Right now the story dominating headlines is, of course, the leaked Supreme Court memo indicating that come June, Roe vs. Wade will no longer be the law of the land. This really shouldn’t come as a surprise, since Senate Republican majority leader Mitch McConnell blocked President Barack Obama from appointing centrist Merrick Garland to the Court in favor of letting the next president fill the seat. The next president was, of course, Donald Trump, who was able to place three Federalist Society judges on the nation’s highest court over the span of his four-year term. That all but assured the end of Roe vs. Wade, as the Federalists have had their sites set on outlawing abortion for years.
The religious right are cheering the impending end of abortion rights because they would really like to see a government based on their particular worldview franchise, but let’s be clear, this has nothing to do with the life of the fetuses that never become children. In face, the religious right and the Federalist Society have two completely different agendas here. Let’s break them down.
For the religious right, this is about forcing women to carry babies to term, and failing to do so makes them “murderers.” This includes cases of rape, incest and where the mother’s life is endangered by the prospect of carrying a baby to term. By the way, some 60% of Americans polled believe abortion should be legal in some or all cases, and in a Democracy the majority tends to hold sway. Of course, America has not been a true Democracy for quite some time. So after the Supreme Court’s decision is codified, the federal law protecting a woman’s right to choose her own healthcare options will be struck down and the religious right (minority) will declare victory. The majority/losing opinion on the subject will be still be heard in the form of those folks who are currently demonstrating at the houses of the deciding Justices.
For the Federalist Society, this is about doing away with any federal government regulations that were not specifically spelled out in the US Constitution (as they interpret it). They would prefer to let states make their own laws and limit the overall power of the federal government. That sounds all well and good, but as the United States there are some fairly universal rights that we like to think we stand for as a country, among them a person’s right to make their own healthcare decisions. The problem is, there is a genuine fear that with the Federalists will now begin a cascade of repealing hard-fought freedoms.
“It’s appalling because it doesn’t just chip a little piece off Roe v. Wade,” Massachusetts Democratic Senator Elizabeth Warren said recently. “It takes a pickax to it and in doing so, it opens up the risk of losing a whole stack of other rights that we’ve come to depend on.”
Next on the agenda is rumored to be the Marriage Equality Act, which allows same-sex couple to wed.
I will never have an abortion, nor will I be the cause of one. The issue is not personal to me, and neither is gay marriage, other than the fact that I have friends who are gay and happily married. What worries me is what else might be waiting as we slide down this slippery slope.

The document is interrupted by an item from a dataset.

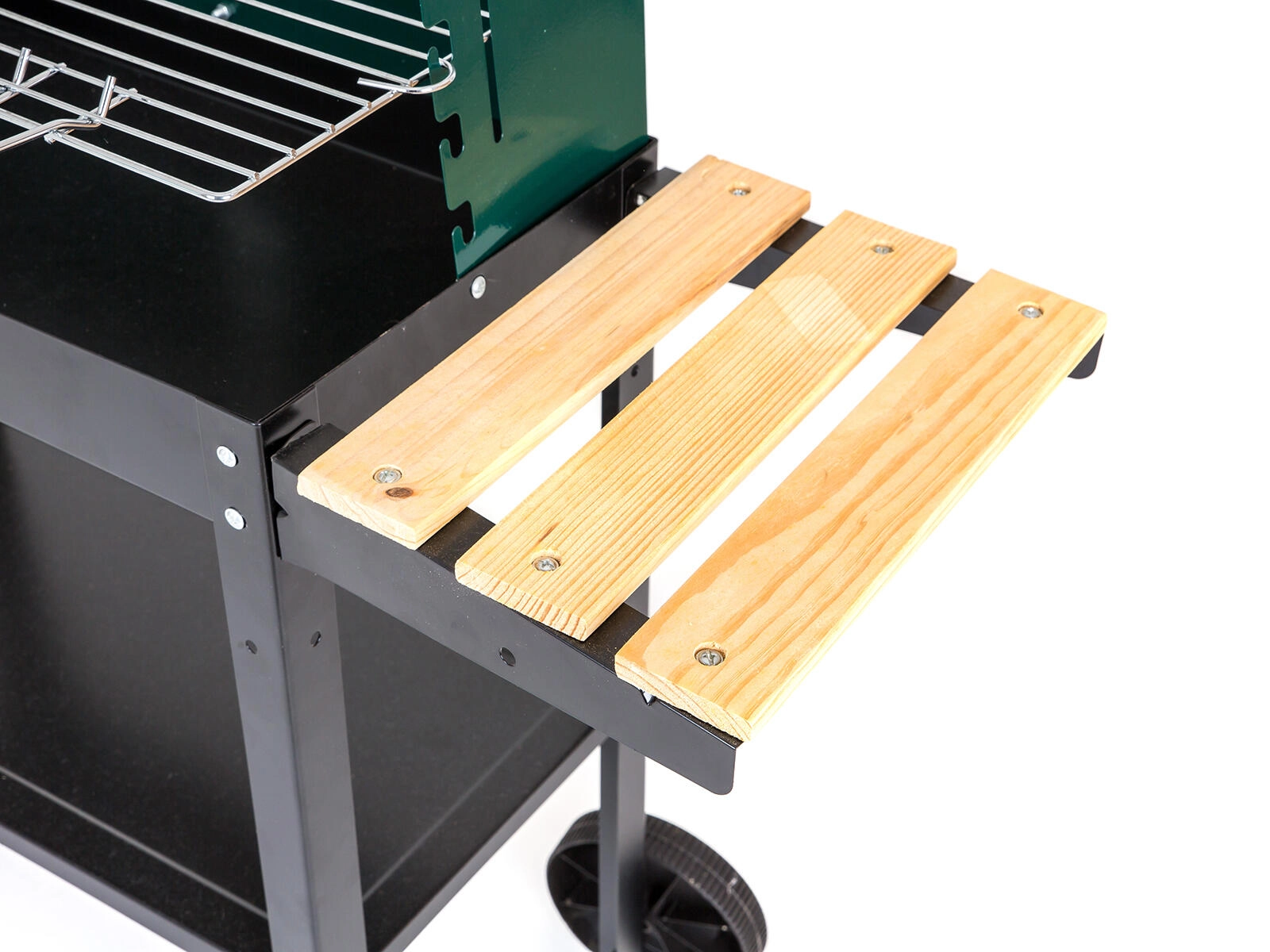 Geïntegreerde transportwielen maken snel verplaatsen van de barbecue op terras of in de tuin moeiteloos.

There has been a sharp rise in conspiracy theorists, racists and generally just crazy people in government of late and I would hate to see their views become the laws of the land in states across the country. Much like The Bible, The Constitution is very much open to interpretation and the viewpoints it represents are those of people who came from a much simpler society with less complicated lives to govern. In many cases, attempting to apply those ancient viewpoints to modern situations is as anachronistic as suggesting Moses should have escaped Egypt on a 747.
If this issue was really about the life of a child, and if the right-wing politicians were truly concerned about it for that reason, those same politicians would also be the leading advocates for free prenatal care, paid maternity and paternity leave, high quality early childhood education and funding the best educational system on the planet. You probably don’t need Google to tell you whether or not that is the case. If you do, go ahead.
I’ll wait here.
Welcome back! As you found, those advocating for the birth of every child conceived are also vehemently against pretty much anything that would benefit the children after they are born. I have come to call those folks “Pro Birth” instead of their chosen “Pro Life” moniker. But let be clear, at its core this issue is really not about babies.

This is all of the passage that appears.